Io faccio assegnamento nei Fasci di Combattimento. Essi sono nati in un'ora di passione della vita politica italiana. Quando cioè tutti cercavano di dimenticare Vittorio Veneto, tutti si vergognavano quasi d'aver vinto.

Io mi domando: dove trovo la fiammella ideale, la fede per questa vittoria morale?

Una nazione che ha avuto cinquecentomila morti, che ha gioventù come quella che ha combattuto, ha energie tali da meravigliare rutto il mondo.

Ma altri sintomi non meno positivi irrobustiscono questa mia fede. Fra questi il più grande è impresa di Gabriele D'Annunzio! È l'unico grande gesto di rivolta contro l'oligarchia plutocratica di Versaglia; contro i tiranni che hanno nome di Lloyd George, Clemenceau e Wilson! E l'unica volontà in Europa che, diritta e tesa come una lama di una grande spada latina, non si è piegata sotto la violenza di Versaglia!

Noi allora volevamo fare la rivoluzione italianissima!

Qual'è la storia dei Fasci? Essa è brillante. Abbiamo incendiato l'Avanti! di Milano, lo abbiamo distrutto a Roma. Abbiamo revolverato i nostri avversari nelle lotte elettorali. Abbiamo incendiato la casa croata a Trieste, l'abbiamo incendiata a Pola.

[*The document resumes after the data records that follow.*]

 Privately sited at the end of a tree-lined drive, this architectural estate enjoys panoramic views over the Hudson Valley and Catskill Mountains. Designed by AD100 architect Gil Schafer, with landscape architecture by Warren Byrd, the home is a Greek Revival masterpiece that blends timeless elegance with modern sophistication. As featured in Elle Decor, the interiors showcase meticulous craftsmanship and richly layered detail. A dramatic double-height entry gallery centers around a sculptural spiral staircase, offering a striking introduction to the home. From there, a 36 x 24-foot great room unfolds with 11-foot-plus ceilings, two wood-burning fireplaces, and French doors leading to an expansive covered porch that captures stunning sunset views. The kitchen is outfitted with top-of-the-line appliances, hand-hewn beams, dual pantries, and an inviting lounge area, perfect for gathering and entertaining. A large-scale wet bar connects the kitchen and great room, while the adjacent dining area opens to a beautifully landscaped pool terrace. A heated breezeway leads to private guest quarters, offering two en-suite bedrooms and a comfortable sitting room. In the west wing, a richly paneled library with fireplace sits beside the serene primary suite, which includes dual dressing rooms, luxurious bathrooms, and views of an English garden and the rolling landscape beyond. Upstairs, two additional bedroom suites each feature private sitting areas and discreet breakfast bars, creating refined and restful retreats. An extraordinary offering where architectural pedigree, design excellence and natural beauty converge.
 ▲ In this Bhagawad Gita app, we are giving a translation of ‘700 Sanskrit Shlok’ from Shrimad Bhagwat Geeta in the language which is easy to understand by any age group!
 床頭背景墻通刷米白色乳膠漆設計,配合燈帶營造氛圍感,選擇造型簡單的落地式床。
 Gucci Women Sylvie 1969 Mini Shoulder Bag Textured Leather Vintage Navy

Abbiamo dimostrato che non impunemente si può tentare di distruggere l'Italia; e che bisogna passare attraverso i nostri corpi!

I nostri avversali ci calunniano: ci dicono borghesi. Noi ce ne infischiamo. Sono etichette su bottiglie vuote. Noi diamo ragione a chi ha ragione, torto a chi ha torto.

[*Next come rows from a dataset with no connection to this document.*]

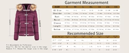 BodiLove Women's Puffer Jacket with Removable Faux Fur Hood and Zipper Burgundy L 1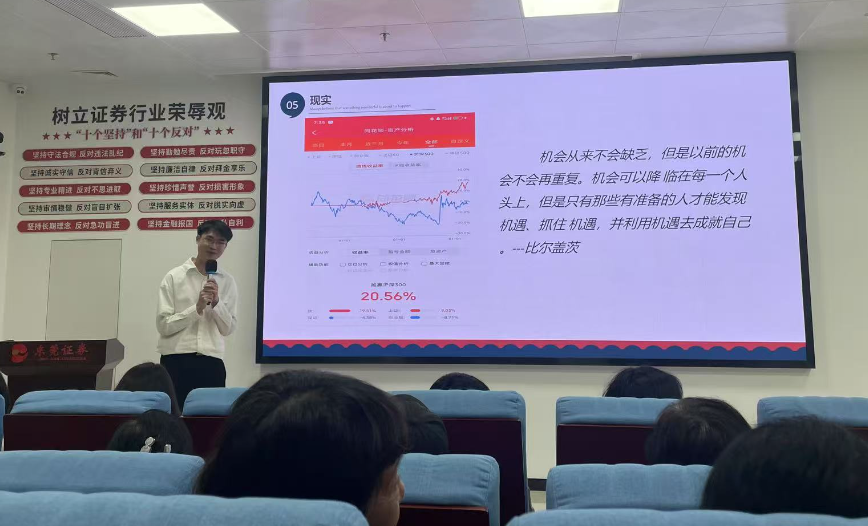 活动中,东莞证券资深投资顾问钟芙瑾带来了一场生动的金融实务讲座。内容聚焦当前证券市场热点,结合投资理财、财富管理等实际案例,深入剖析了行业趋势、风险管理及投资策略设计。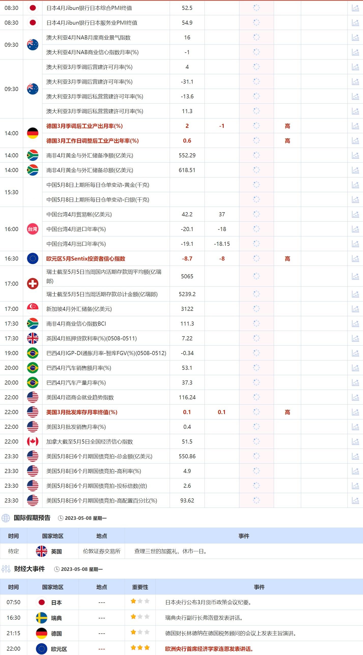 后续及时更新的财历数据请关注:【汇通网5月8日财经日历】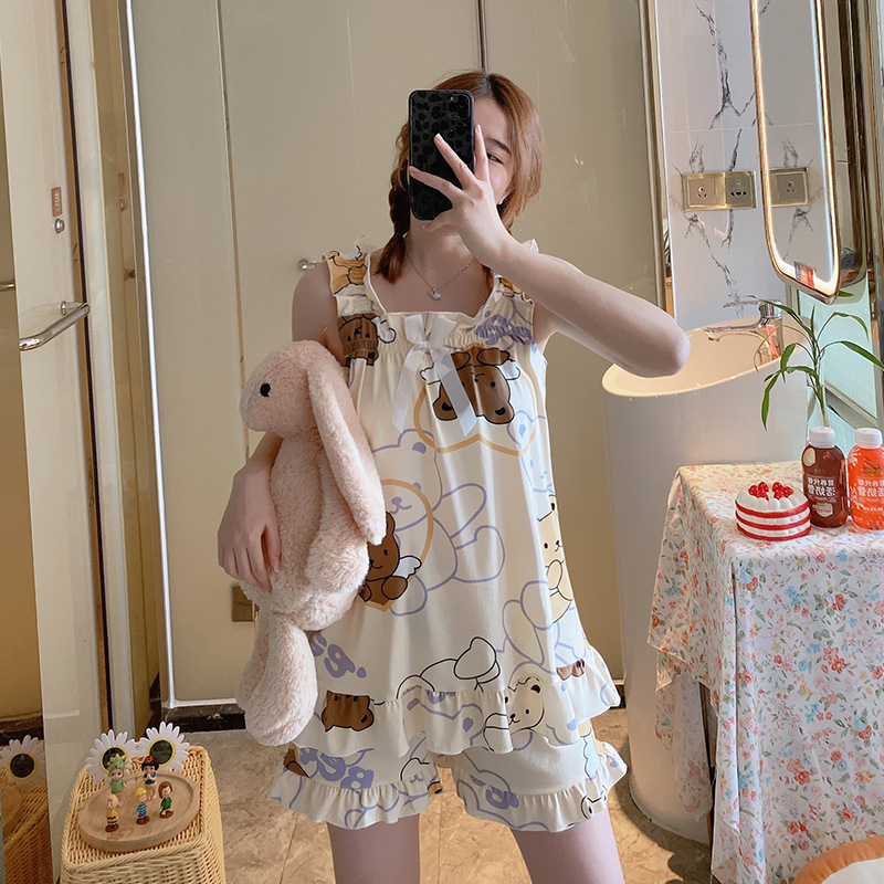 夏季韩版吊带背心睡衣女两件套休闲可爱卡通学生少女家居服

Noi siamo reazionari, siamo reagenti di una pazzia: abbiamo frenato la massa popolare sull'orlo dell'abisso. Se in Italia si fosse ripetuto l'esperimento ungherese, sarebbe caduto il popolo italiano in un baratro.

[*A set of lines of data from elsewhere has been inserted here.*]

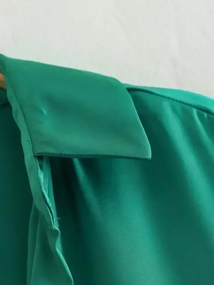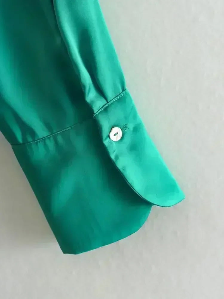 22 Women 2024 New Fashion Flowy Satin Loose Shirts Blouses Vintage Long Sleeve Button-up Female Shirts Chic Tops
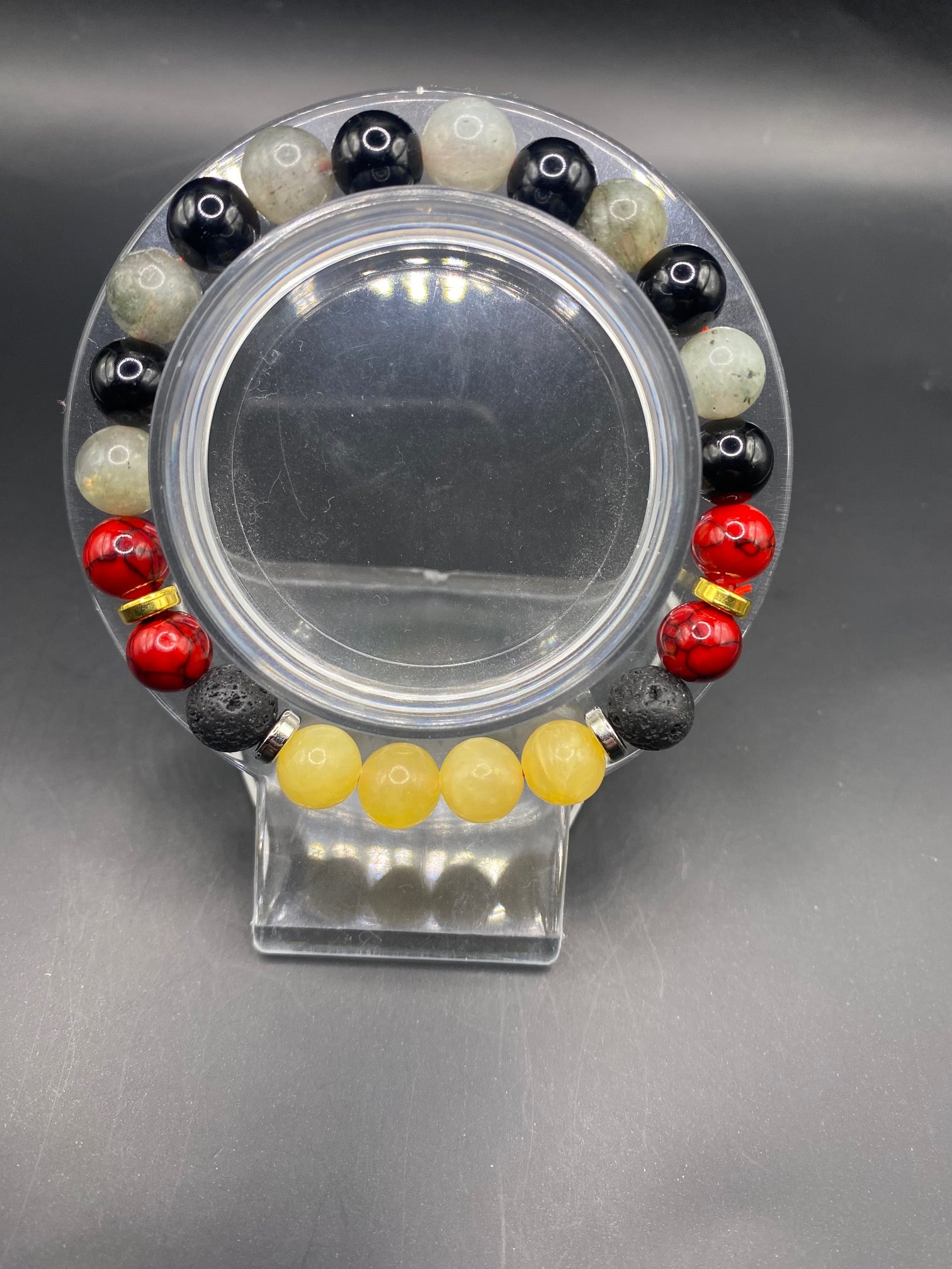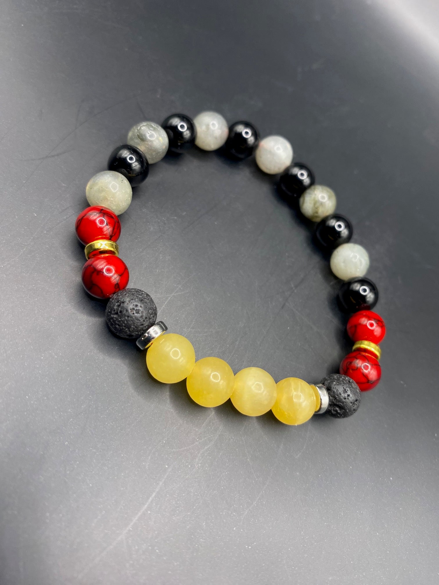 It's made with honey calcite, lava rock, red quartz (dyed), obsidian and labradorite stone beads with gold and silver colored spacers <3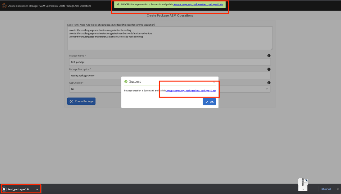 Package Creator is an extension of the ACS Commons Package handler, but it’s UI friendly and easy to access. You can input the paths to be packaged as a line feed and no need to separate them by a comma. Once the package is ready it will be built and prompted with a download option.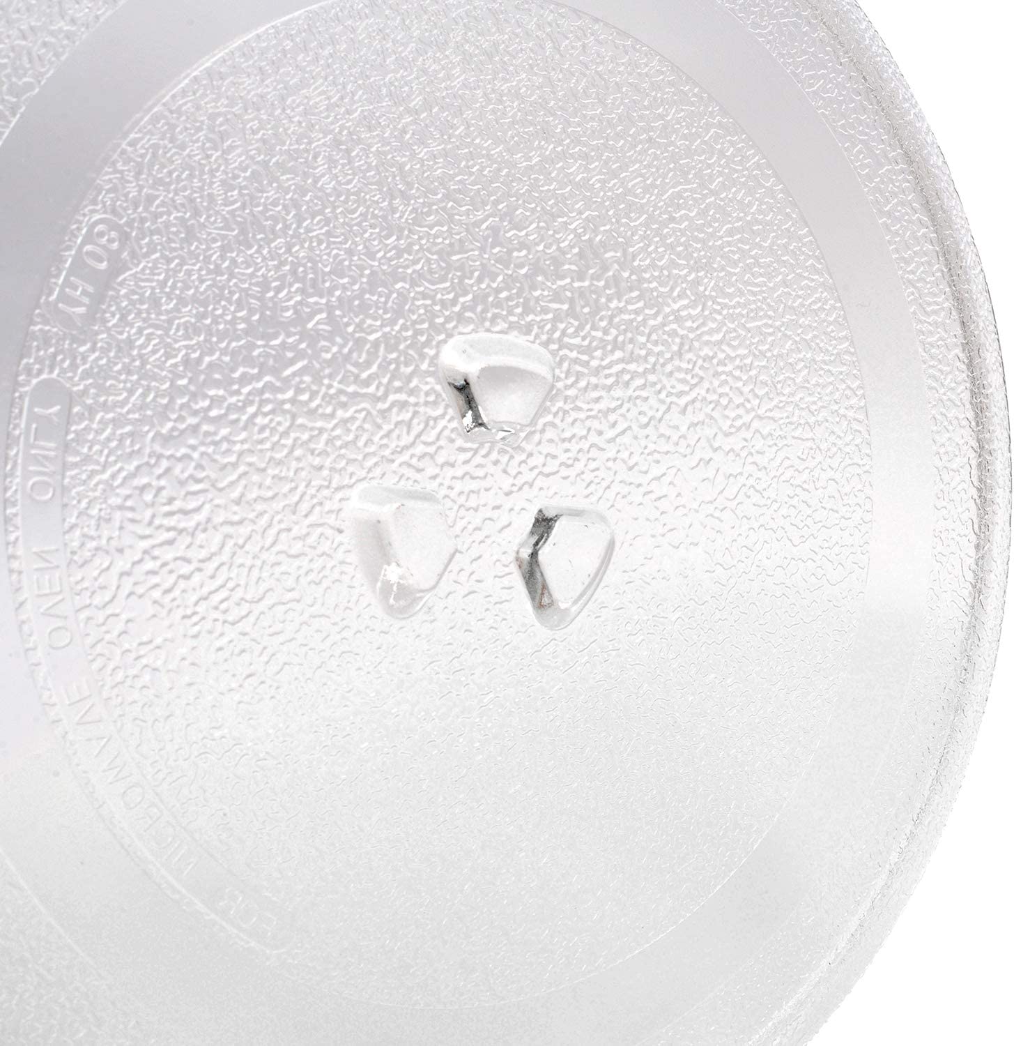- ◈Sturdy and Security◈ This Glass Plate comes complete with 3 small pips & indentations on base to enable it to sit securely on the centre support. The round plate is sturdy and durable due to the high grade thick glass. With the middle frosted surface makes food hardly to pill out during heating up. And this hygienic and food-safe glass cooking tray have the resistance to heat and light impacts, is ideal for heating all types of food in your microwaves.

La reazione sarebbe stata senz'altro vittoriosa. Pensiamo quasi che era meglio lasciar compiere il destino per liberare la nazione da quest'incubo.

Oggi però il Partito Socialista non fa più il prepotente: deve ricorrere ai sobborghi se vuole stare sicuro a Milano.

Noi non possiamo prestar fede alle minchionerie idealistiche, che per esser troppo universali, sono troppo positive.

Oltre alla cerchia dei nostri monti, o istriani, c'è un popolo aggressivo, che vuole raggiungere l'Adriatico.

Questo mare potrà essere commercialmente un mare italo-serbo, ma militarmente non lo sarà mai!

L'Italia, come il più compatto nucleo dopo la Russia e la Germania, perché ha cinquanta milioni, sarà la potenza destinata a dirigere dal Mediterraneo tutta la politica europea. Da Londra, Parigi e Berlino, l'asse si sposterà verso Roma. Italia dovrà essere il ponte fra l'Occidente e l'Oriente.

Verso l'espansione nel Mediterraneo e nell'Oriente l'Italia è spinta dal fattore demografico. È troppo ristretto il nostro territorio per un popolo così esuberante.

Ma per realizzare il sogno mediterraneo bisogna che l'Adriatico, che è un nostro golfo, sia in mani nostre. Di fronte a una razza come la slava, inferiore e barbara, non si deve seguire la politica che dà lo zuccherino, ma quella del bastone.

Il popolo italiano ha tre qualità che gli garantiscono il successo: è prolifico, è laborioso, è intelligente.

Nel futuro prossimo ogni italiano ripeterà come il cittadino romano: sono orgoglioso di essere italiano!

Noi non temiamo più le rinunce. Se il conte Sforza oserà qualche rinuncia, i legionari di Gabriele d'Annunzio occuperanno tutti quei territori a cui il ministro avrà rinunciato!

I confini d'Italia devono essere il Brennero, il Nevoso e le Dinariche; sì le Dinariche per la Dalmazia dimenticata!

Oggi l'opera dei fascisti si riduce a quella di sprangare la porta di casa e rastrellare nell'interno. Chi è dentro le nostre terre di frodo o con frode deve andarsene.

Il nostro imperialismo, che vuole raggiungere i giusti confini segnati da Dio e dalla natura, e che vuole espandersi nel Mediterraneo, non è quello prussiano violento, né quello inglese ipocrita; è invece quello romano.

Noi non possiamo disarmare, finché gli altri non avranno disarmato; noi non possiamo trasformare nostre spade in aratri, finché la stessa cosa non avranno fatto gli altri Stati e la Jugoslavia vicina!

Basta con le poesie. Basta con le minchionerie evangeliche.

Ma a tenere salda l'Italia nelle future sue battaglie, occorre la vostra fede, o cittadini, occorre il vostro giuramento!